Ystad proves so pretty on exploration this morning that we decide to stay for the day. I love these unexpected finds, often an unplanned detour that delivers a hidden gem.
Being a weekend, Ystad is brimming with people. One noticeable difference though – the tourists here are Swedish. We’ve inadvertently found a local holiday spot.
Surrounded by farmland, Ystad is a seaside oasis. It’s postcard pretty with a bustling marina, cobblestoned streets and one colourful half timbered house after the other.
Most of the houses have a history going back to the early 1700s. Two markets are in full swing on opposite sides of the town – one fruit and vegetables, the other an art fair.
One unexpected thing we’ve noticed on Swedish roads is their love of vintage American convertibles – Yank tanks of the 1950s, with their gorgeous lines, pointed fins, shiny chrome, cherry red or pastel paint jobs.
1950s car designers delivered – these cars make a statement, and it’s a fabulous, head turning one. They’re a surprisingly common sight in Sweden. Ystad is no exception: on a weekend break, the boys have brought their toys. We see two in particular that we’ve only read about: an Oldsmobile and an Eldorado. Neither are my favourite cherry red, but gorgeous none the less. Convertibles. I’ve always had a terrible weakness for them. I miss mine and have secret plans to have one again.
We spend a happy few hours walking the streets of Ystad, running errands, admiring the architecture and sampling the local Princesstorte. Also pretty fabulous. I might have to learn how to make this cake as it’s edging past others on the favourites list. You’ll see that I was too greedy to wait for the photo. Oops!
The late afternoon is genuine downtime, deck chairs by the sea, books in hand, gin and tonics on tap. With the sea and sky twinkling blue in unison, the reverie is only broken to admire the speed of the local catamaran ferry that zooms to and fro regularly. I have no idea where it’s off to, but the map shows that we’re very close to Germany, Denmark and Poland. Then again, it could be a nearby island. It’s too much effort to find out with the sun on my legs and drink in hand.

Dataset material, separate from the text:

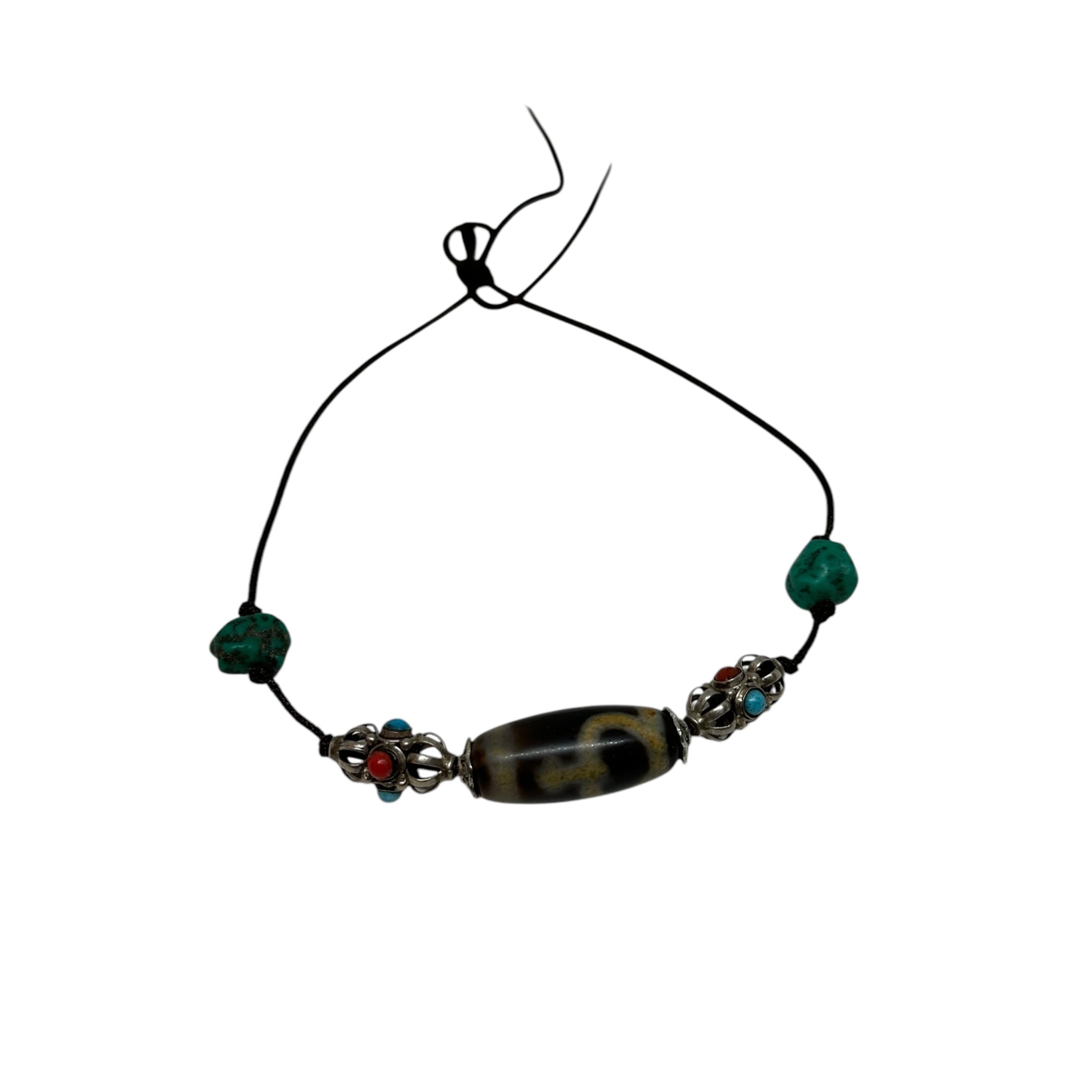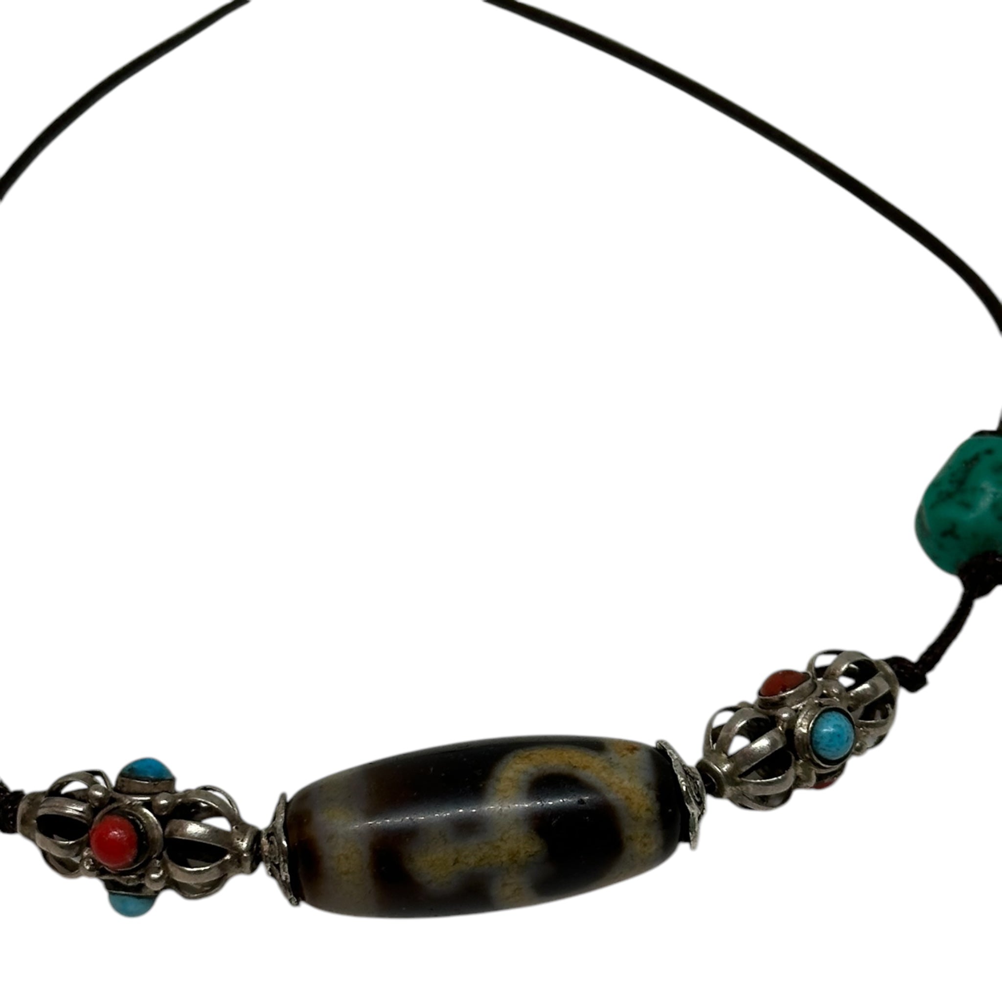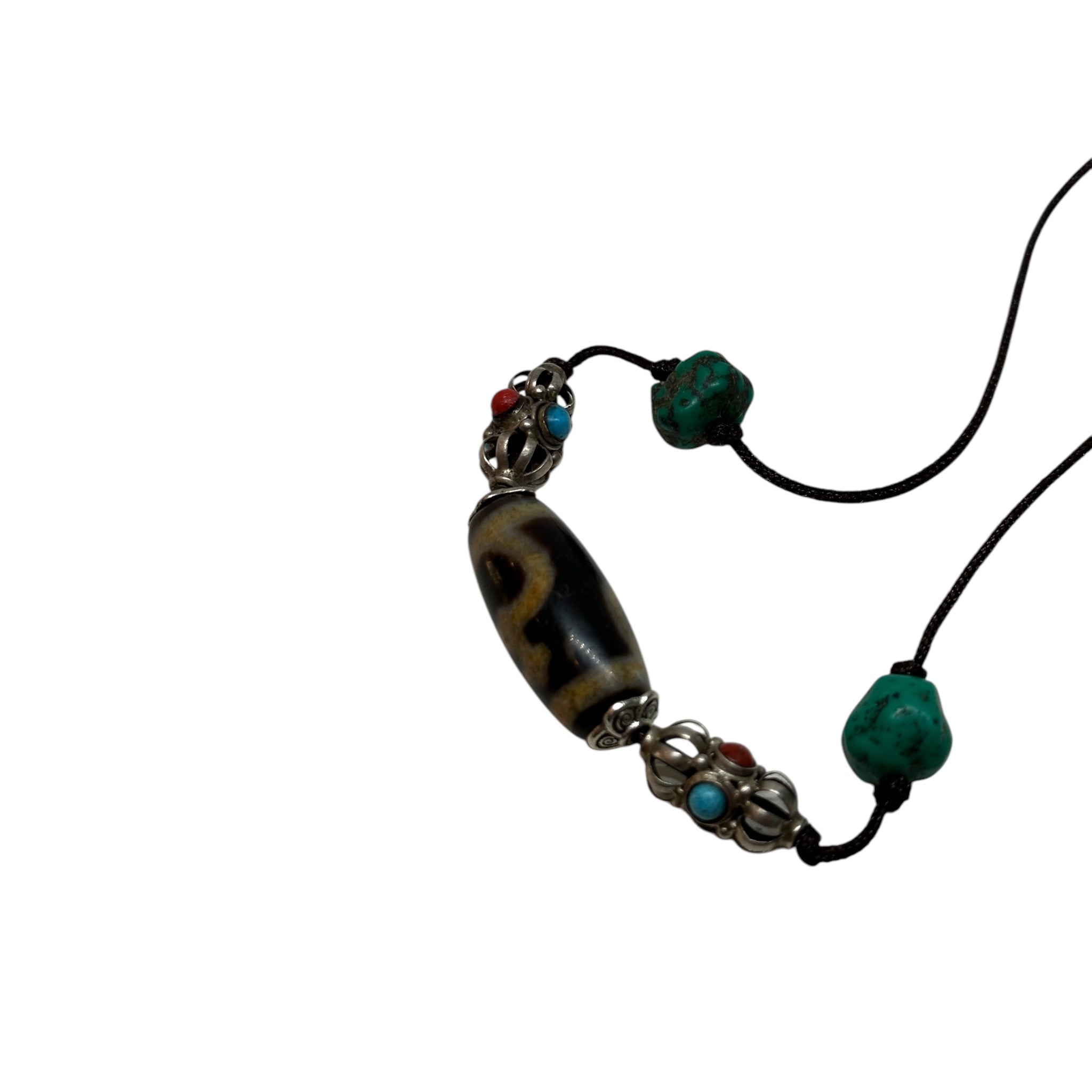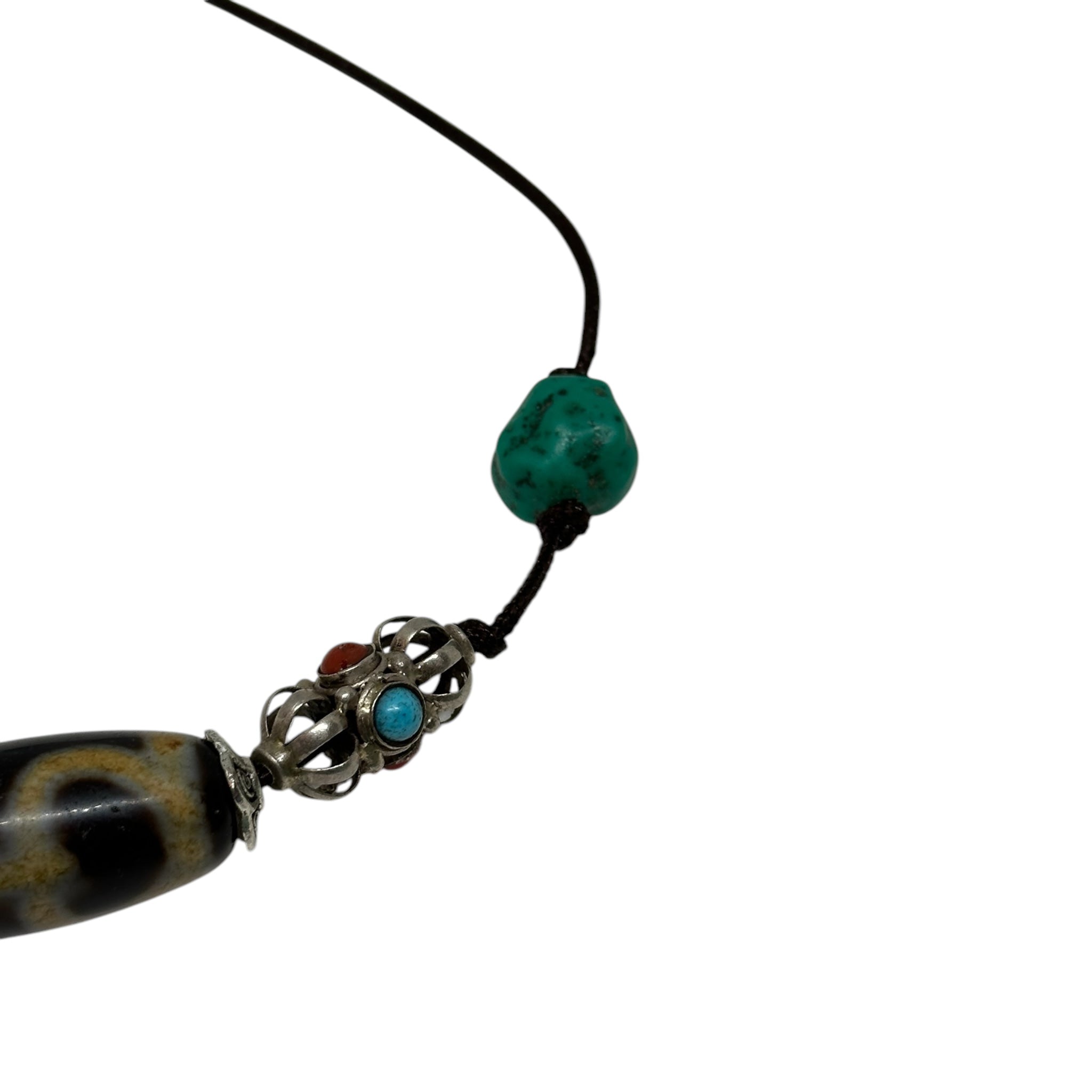 The dzi stone, revered as a powerful amulet in Himalayan culture, is known to bring protection, good fortune, and balance to its wearer. Each element, from the aged turquoise to the meticulously carved Vajra, highlights traditional Tibetan craftsmanship and carries deep spiritual significance.

The afternoon slips away along with the sun. We have dinner outdoors at the marina and chat to the Swedish couple next to us who are fours days into a walking holiday. It’s amusing to hear them complain that Norway is expensive too and they are most amused by our quest for wine in Sweden. Always interesting to get a local perspective.
It’s off to Malmo tomorrow. Ystad has been a welcome and lovely diversion.